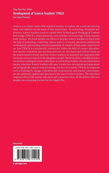Preface.- Part I TPACK in Teaching Practices.- Chapter 1 The development of teachers' professional learning and knowledge.- Chapter 2 The TPACK-P framework for science teachers in a practical teaching context.- Chapter 3 The current status of science teachers' TPACK in Taiwan from interview data.- Part II The Transformative Model of TPACK.- Chapter 4 Rubrics of TPACK-P for teaching science with ICTs.- Chapter 5.- Applying TPACK-P to a teacher education program.- Part III The Integrative Model of TPACK.- Chapter 6 Developing preservice teachers' sensitivity to the interplay between subject matter, pedagogy and ICTs.- Chapter 7 Examining teachers' TPACK in using e-learning resources in primary science lessons.- Part IV Epilogue.- Chapter 8 The end of the beginning: An epilogue.
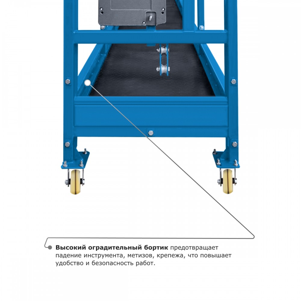 Высокий оградительный бортик предотвращает падение инструмента, метизов, крепежа, что повышает удобство и безопасность работ.
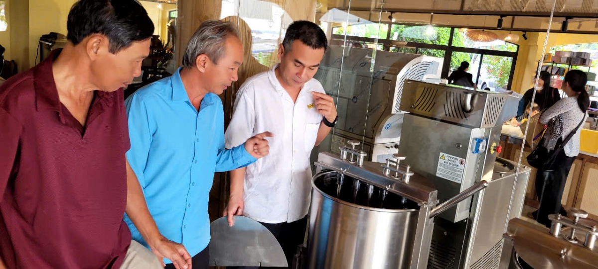 Hệ thống thiết bị, máy móc trong quy trình sản xuất hạt ca cao thành các sản phẩm sôcôla tại công ty của chị Nguyễn Ngọc Điệp
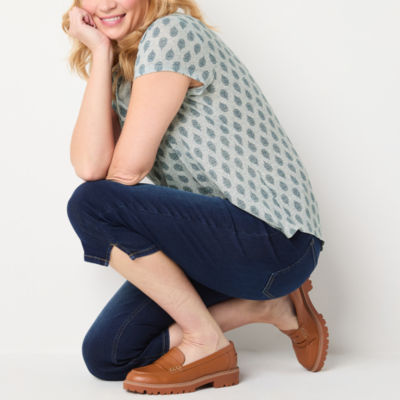 Liz Claiborne Womens Split Crew Neck Short Sleeve Blouse

* What to work on: Give back the exact lines above, running from the one that has "Высокий оградительный бортик" through the one that has "Hệ thống thiết", with nothing added and no pictures.

* Answer for this exercise:
 Высокий оградительный бортик предотвращает падение инструмента, метизов, крепежа, что повышает удобство и безопасность работ.
 Hệ thống thiết bị, máy móc trong quy trình sản xuất hạt ca cao thành các sản phẩm sôcôla tại công ty của chị Nguyễn Ngọc Điệp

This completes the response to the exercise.